Entering the building, there was nothing to show that this was the center of Fouche’s web. There was a well-dressed young man behind a desk who greeted Victoire courteously. Not recognizing her, he began a speech she had heard before. From the corner of her eye Victoire noticed three large men whose desks gave them a clear field of fire to all entrances. Each man had opened a drawer which no doubt held pistols.

“I am the wife of Inspector-General Vernet,” Victoire announced in her most officious voice. “I have a dispatch from my husband to deliver to Citizen Fouche personally. We have met before and he will recognize me.”

The well-dressed young man lost his false smile, but rose and gestured for her to follow. Behind her, Victoire could hear the sound of drawers closing.

She had dressed for the occasion in her second-best day dress, a handsome, high-waisted afternoon dress in sea-green taffeta with a small, standing ruff of point-lace. She curtsied to Fouche but offered him little more than a perfunctory smile, for she knew that Fouche often regarded courtesy as suspect. “I am sorry to have to interrupt your day, Monsieur le Ministre. If I did not think it important, I—”

“Madame Vernet, I’m always willing to see you when you request it. You are not capricious or one who is seeking favor and advancement.” He gestured to the chair on the other side of his writing table.

“There you are not entirely correct,” said Victoire in her usual direct manner. She had always found Fouche personally pleasant, but never underestimated the calculated way in which he had risen over all his rivals. “I am a married woman and therefore I’m always interested in the welfare of my husband.”

“And the welfare of France,” said Fouche without the cynicism that would usually accompany such an observation.

“Yes,” said Victoire. “That as well.” She got on at once to the reason for her visit. “I know you have received a dispatch from my husband regarding reports of English landing on the coast near Dunkerque. We have reason to suppose that there have indeed been English spies put ashore. There is a possibility that they are bound for Paris rather than Antwerp.” She reached into her reticule and withdrew one of the dispatches she had carried. “I have brought this to you from my husband. He describes what he has undertaken, and the concerns we both share for Napoleon’s safety.”
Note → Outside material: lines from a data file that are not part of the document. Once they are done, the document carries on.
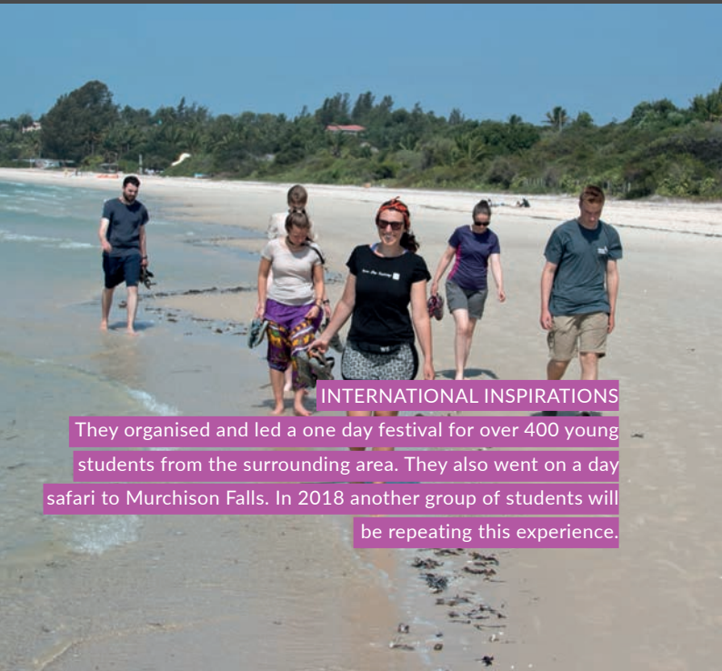
INTERNATIONAL INSPIRATIONS They organised and led a one day festival for over 400 young students from the surrounding area. They also went on a day safari to Murchison Falls. In 2018 another group of students will be repeating this experience.
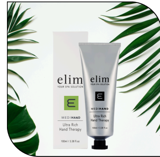
ULTRA RICH HAND THERAPY $30.50 SINGLE $173.85 6-PACK MSRP $58

Brighten and whiten aging and discoloured nails. Available in 80 ml tube
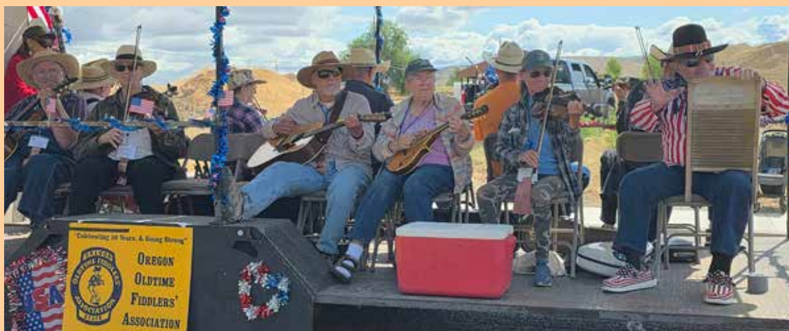
OOTFA in the Fiddle Parade on Main Street, Weiser on June 21
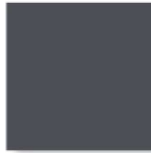
Burnished Slate TSR = 32%
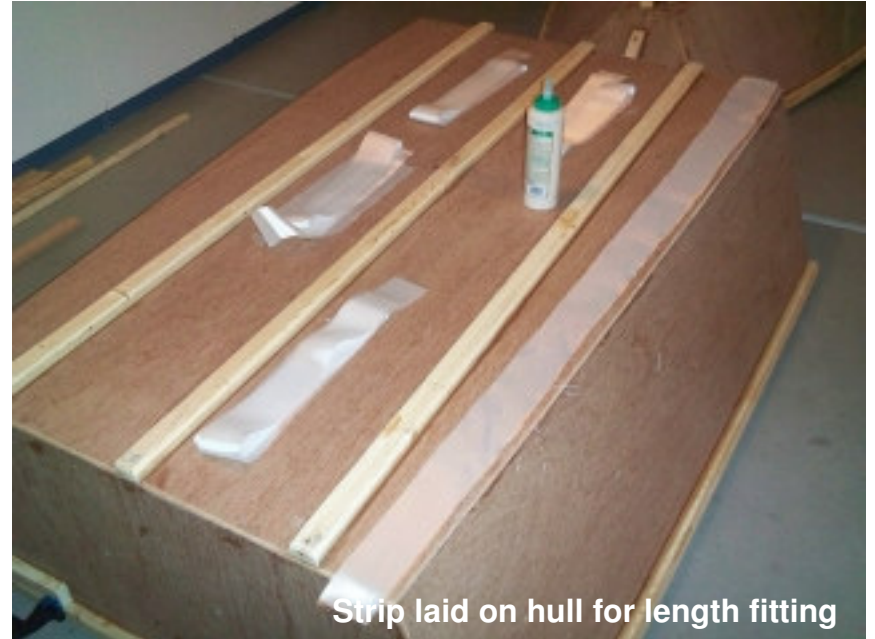
Strip laid on hull for length fitting
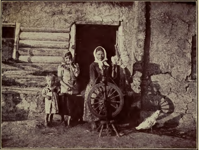
The Home of a Russian Peasant
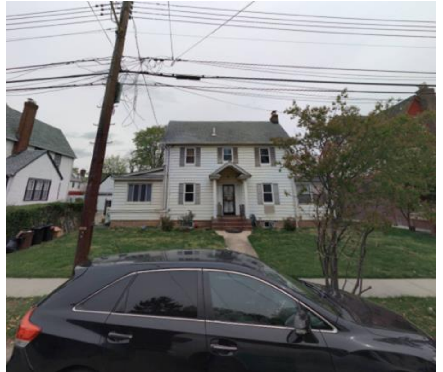
North of 114-18 179 th Street
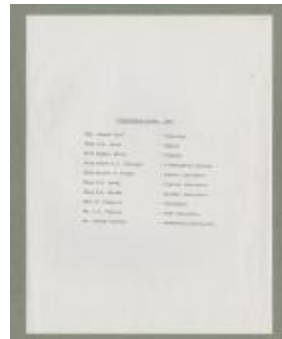
Coqualeetza Staff 1899 (38f-c000058-d0007-001)
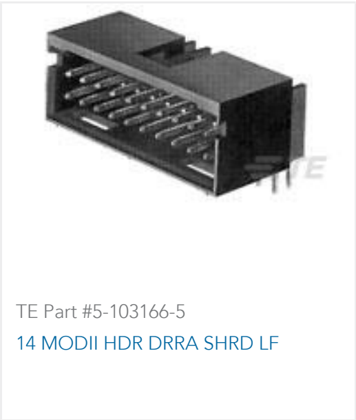
TE Part #5-103166-5 14 MODII HDR DRRR SHRD LF
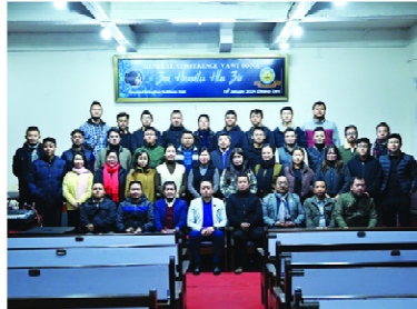
General Conference inbuatsaihna zal hruaitute hlmthla

“Napoleon’s safety?” said Fouche, surprised at the turn she had taken.

“Yes. What other reason would the English have in coming to Paris, if not to harm the First Consul? When I arrived I feared they planned an uprising here such as just ended in the Vendée. But the city is too quiet, such things do not spring full grown, as did Minerva. They may be planning to murder First Consul Napoleon, or kidnap him or one of his family. They could want to suborn others of his family.” Her expression was somber and she regarded Fouche levelly. “I would like to see the file you have on English spies known to be in France, and the nature of their organizations.”